Alzi la mano chi si aspettasse un andamento diverso di questa partita: piccolo trotto, controllo assoluto, scarsa brillantezza ma concretezza, tre punti e primo posto nel girone. Non è stata una Juventus da leccarsi i baffi, ma forse sarebbe stato ridondante assistere ad una prova strabordante dei bianconeri a cavallo tra l’Atalanta e il derby. Anche perché va considerato il 4-5-1 ultradifensivo della Dinamo Zagabria, arrivata a Torino col chiaro intento di non prendere imbarcate, la mancanza di uno “sfogo” al gioco sulla sinistra (ci sarà pure qualche differenza tra Asamoah e Alex Sandro…) e in generale il ritmo blando dei bianconeri nel primo tempo. Ma primo posto doveva essere, e primo posto è stato, al netto degli inutili calcoli da provinciale. Un girone vinto con un po’ di fortuna (vedi Lione) e qualche attenuante alle partite non vinte, ma la squadra che vedremo a marzo sarà molto diversa da questa. Non ci piove.

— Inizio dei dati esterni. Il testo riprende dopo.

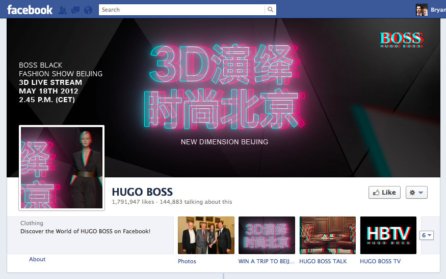 Hugo Boss has made the Boss Black 3D campaign social-oriented with tie-ins across multiple social media channels. On Facebook, Hugo Boss takes advantage of the new Facebook Timeline to inform visitors about the live stream fashion show. Images on the Hugo Boss Facebook page are in 3D, helping to add additional fun and excitement to the campaign.

Il 3-4-1-2 con cui la Juventus inizia la partita è un chiaro arabesco disegnato attorno a Pjanic, che gioca bene ma non benissimo, per quanto dimostri di gradire questa posizione molto più di quella da mezz’ala. Se lui arretra, Lemina avanza, se lui si allarga l’esterno dall’altro lato va dentro: i sincronismi ci sono, ma il ritmo è quasi da amichevole, di conseguenza l’allegra difesa dei croati riesce a sopperire ugualmente. Troppe palle alte dalla trequarti, robe che insegnano a non fare ai Pulcini, nessuna penetrazione a sinistra (vedi sopra), Higuain troppo statico a fronte della solita “irrequietezza” del devastante Mandzukic degli ultimi tempi.
Minuto 29′, si passa al 4-3-1-2: Cuadrado fa il terzino ma in realtà è una punta esterna, ci mancherebbe ora preoccuparsi di Pivaric e Fernandes, Lemina interpreta al meglio il ruolo della mezz’ala ma in generale il giro palla funziona meglio, anche se Pjanic sembra non sfruttare al meglio tutta la libertà che ha tra le linee. L’uomo in più in mezzo al campo si fa sentire soprattutto nel secondo tempo, quando la Dinamo (se possibile) arretra ulteriormente il baricentro e si consegna praticamente all’avversario con un 4-1-4-1 ultradifensivo. Il solo Ante Coric, negli ospiti, cerca di ragionare palla al piede: non basta, naturalmente.
Cosa resta di una partita così? La duttilità tattica di Allegri, l’assortimento della rosa, la condizione fisica in divenire, il rientro di Dybala, la conferma di Rugani, la consapevolezza che questa squadra può e deve migliorare. Perché il nome della Juventus, nell’urna di lunedì mattina, è uno dei più temuti in Europa: da qualsiasi squadra.